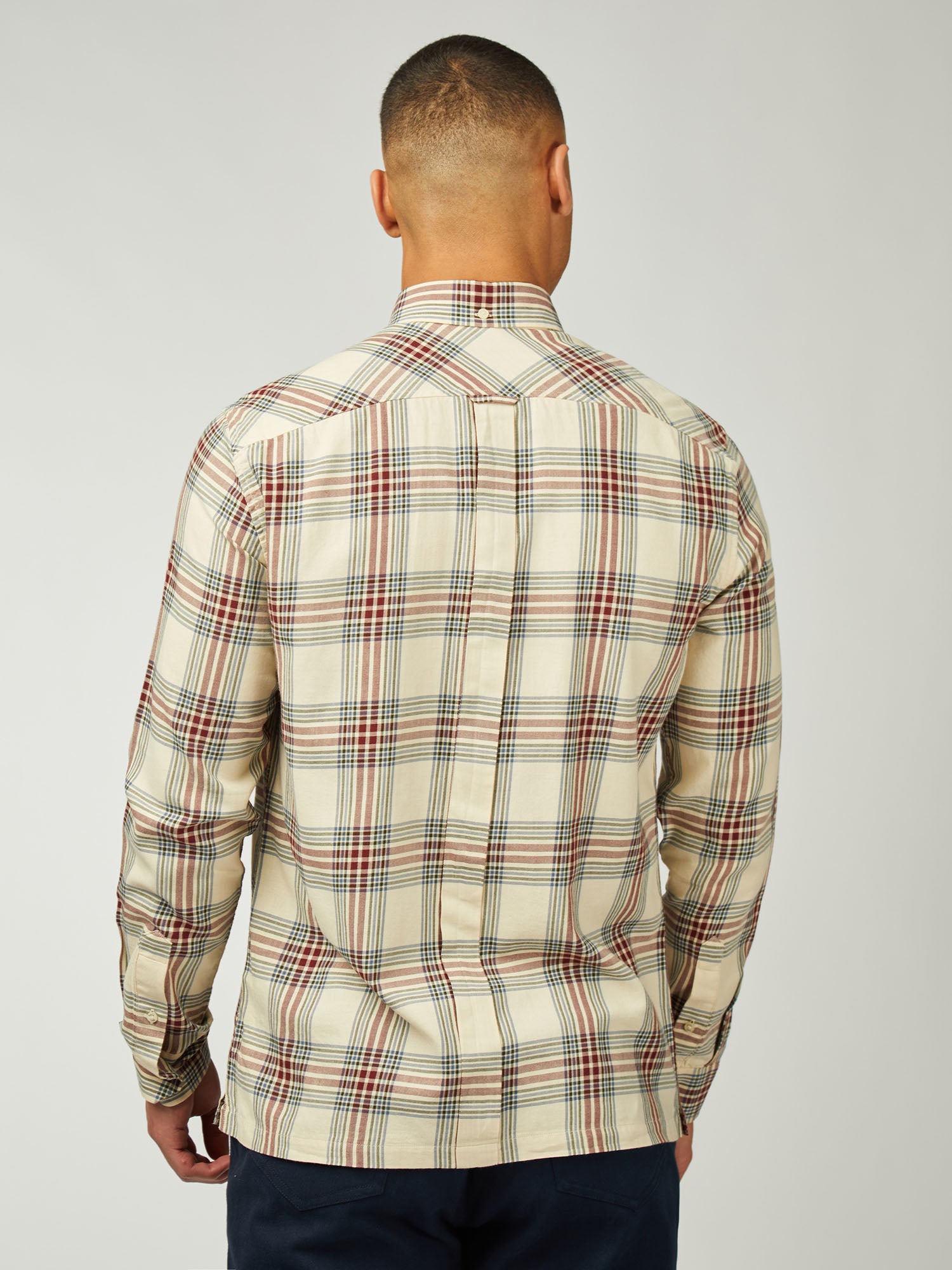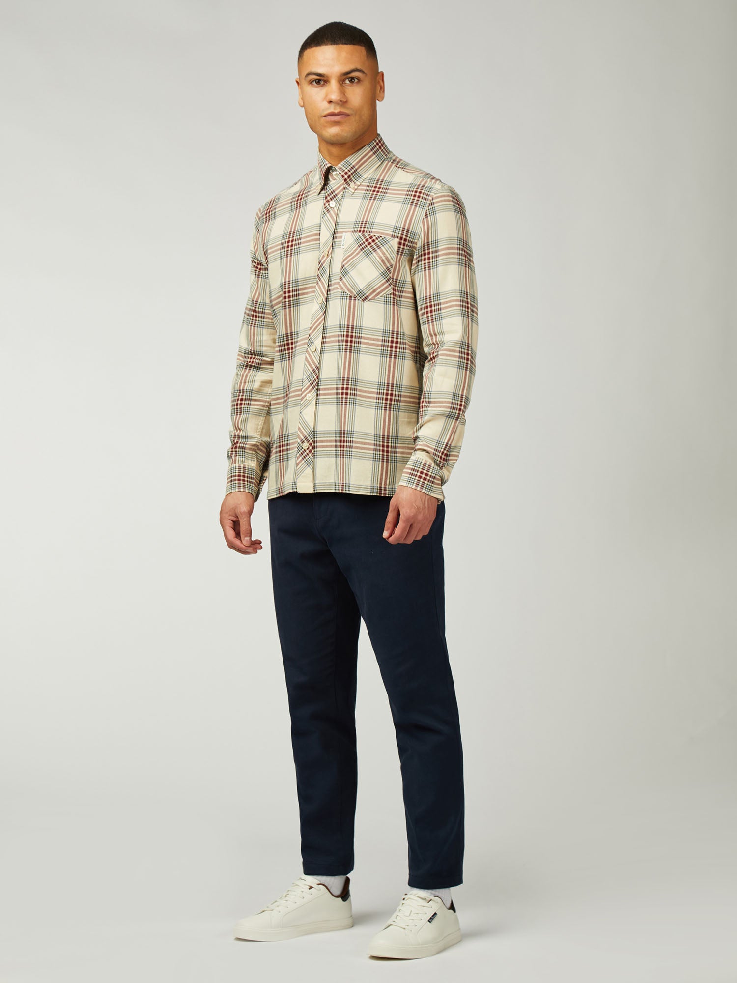 This long sleeve grid check shirt features a straight hem and a three finger button down collar. Made from 100% cotton, this regular fit shirt is completed with a ‘Ben Sherman’ branded woven label in the chest pocket.
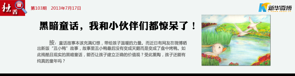 【黑暗童話也有正能量】 兒童閱讀黑暗童話——丑小鴨變烤鴨并不可怕,這是一種挫折教育。孩子的成長需要適度的挫折教育。一直活在象牙塔里的孩子,在走入社會之后很難適應(yīng)現(xiàn)實的生活,他們常常因為學(xué)業(yè)或工作中的一點挫折而走向極端。因此,在其進入社會之前進行適度的挫折教育必不可少。
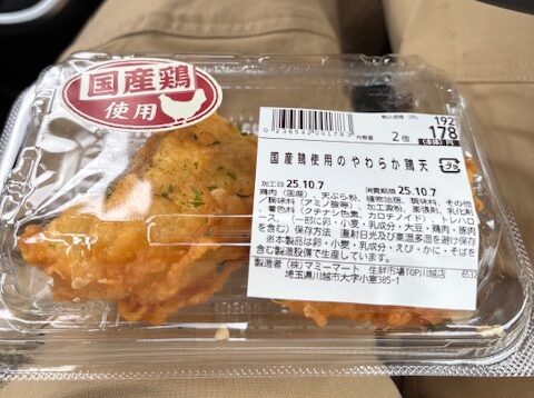 TOPで鶏天を買って車内でムシャムシャ食べちゃいました。
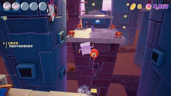 角色的主要攻击方式只需一键就能触发,而且是能覆盖全方位的旋转攻击;对付远距离敌人时,可以用泡泡将他们困住一段时间,这个泡泡还带有自动瞄准功能。虽然后续会解锁空手道飞踢之类的新招式,但因为敌人的攻击模式比较单调,加上死亡没有任何惩罚,游戏难度属于“四肢健全就能通关”的级别。顺便说一句,游戏的操作性意外地不错,尤其是跳跃的定位非常精准,相比前作有了很大的提升。
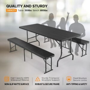 Quality and Sturdy: This 6ft long table and bench three-piece set is made with high capacity HDPE waterproof material, ensuring durability and stability. The tree patterned surface make it beautiful as well as stable .The non-slip matte surface provides a secure grip, and the sturdy triangular structure support and robust metal frame offer added strength. The fixed structure secure locks and anti-tipping safety design further enhance stability and safety
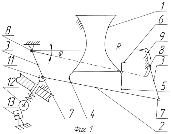 Форма бункера 1 позволяет создать в нижней его части разгрузочную камеру, которая предотвращает сгруживание высеваемого материала. Высеваемый материал самотеком через выпускное окно 5, размер которого задается перемещением регулируемой заслонки 6, поступает из бункера 1 на затвор 2. В это время кулачки многокулачкового толкателя 13 через ролик 12 воздействуют на подпружиненную вилку 11, которая в свою очередь воздействует на ось 10 нижних шарниров 7 затвора 2 и придает колебательное движение всему затвору 2. Перемещая верхние шарниры 8 подвесок 3 затвора 2, приближенных к выпускному окну 5, можно изменять угол наклона затвора 2 от 0° до угла трения семян о его поверхность. Невозможность установки большего угла наклона затвора 2 предотвращает самопроизвольное истечение высеваемого материала. По номограмме типичных режимов движения высеваемого материала по затвору 2 выбирают необходимую частоту вращения роторного толкателя 13 и угол наклона затвора 2 к горизонту. Выбор различного сочетания данных параметров позволяет получать широкий спектр режимов движения высеваемого материала по затвору 2, что в свою очередь обеспечивает возможность создания потока высеваемого материала необходимой равномерности и интенсивности (нормы высева).

= = = = = = =

# EXERCISE DIRECTIONS
None of the pictures should be kept; reproduce all the remaining material exactly.

# TASK OUTPUT
 This long sleeve grid check shirt features a straight hem and a three finger button down collar. Made from 100% cotton, this regular fit shirt is completed with a ‘Ben Sherman’ branded woven label in the chest pocket.
 【黑暗童話也有正能量】 兒童閱讀黑暗童話——丑小鴨變烤鴨并不可怕,這是一種挫折教育。孩子的成長需要適度的挫折教育。一直活在象牙塔里的孩子,在走入社會之后很難適應(yīng)現(xiàn)實的生活,他們常常因為學(xué)業(yè)或工作中的一點挫折而走向極端。因此,在其進入社會之前進行適度的挫折教育必不可少。
 TOPで鶏天を買って車内でムシャムシャ食べちゃいました。
 角色的主要攻击方式只需一键就能触发,而且是能覆盖全方位的旋转攻击;对付远距离敌人时,可以用泡泡将他们困住一段时间,这个泡泡还带有自动瞄准功能。虽然后续会解锁空手道飞踢之类的新招式,但因为敌人的攻击模式比较单调,加上死亡没有任何惩罚,游戏难度属于“四肢健全就能通关”的级别。顺便说一句,游戏的操作性意外地不错,尤其是跳跃的定位非常精准,相比前作有了很大的提升。
 Quality and Sturdy: This 6ft long table and bench three-piece set is made with high capacity HDPE waterproof material, ensuring durability and stability. The tree patterned surface make it beautiful as well as stable .The non-slip matte surface provides a secure grip, and the sturdy triangular structure support and robust metal frame offer added strength. The fixed structure secure locks and anti-tipping safety design further enhance stability and safety
 Форма бункера 1 позволяет создать в нижней его части разгрузочную камеру, которая предотвращает сгруживание высеваемого материала. Высеваемый материал самотеком через выпускное окно 5, размер которого задается перемещением регулируемой заслонки 6, поступает из бункера 1 на затвор 2. В это время кулачки многокулачкового толкателя 13 через ролик 12 воздействуют на подпружиненную вилку 11, которая в свою очередь воздействует на ось 10 нижних шарниров 7 затвора 2 и придает колебательное движение всему затвору 2. Перемещая верхние шарниры 8 подвесок 3 затвора 2, приближенных к выпускному окну 5, можно изменять угол наклона затвора 2 от 0° до угла трения семян о его поверхность. Невозможность установки большего угла наклона затвора 2 предотвращает самопроизвольное истечение высеваемого материала. По номограмме типичных режимов движения высеваемого материала по затвору 2 выбирают необходимую частоту вращения роторного толкателя 13 и угол наклона затвора 2 к горизонту. Выбор различного сочетания данных параметров позволяет получать широкий спектр режимов движения высеваемого материала по затвору 2, что в свою очередь обеспечивает возможность создания потока высеваемого материала необходимой равномерности и интенсивности (нормы высева).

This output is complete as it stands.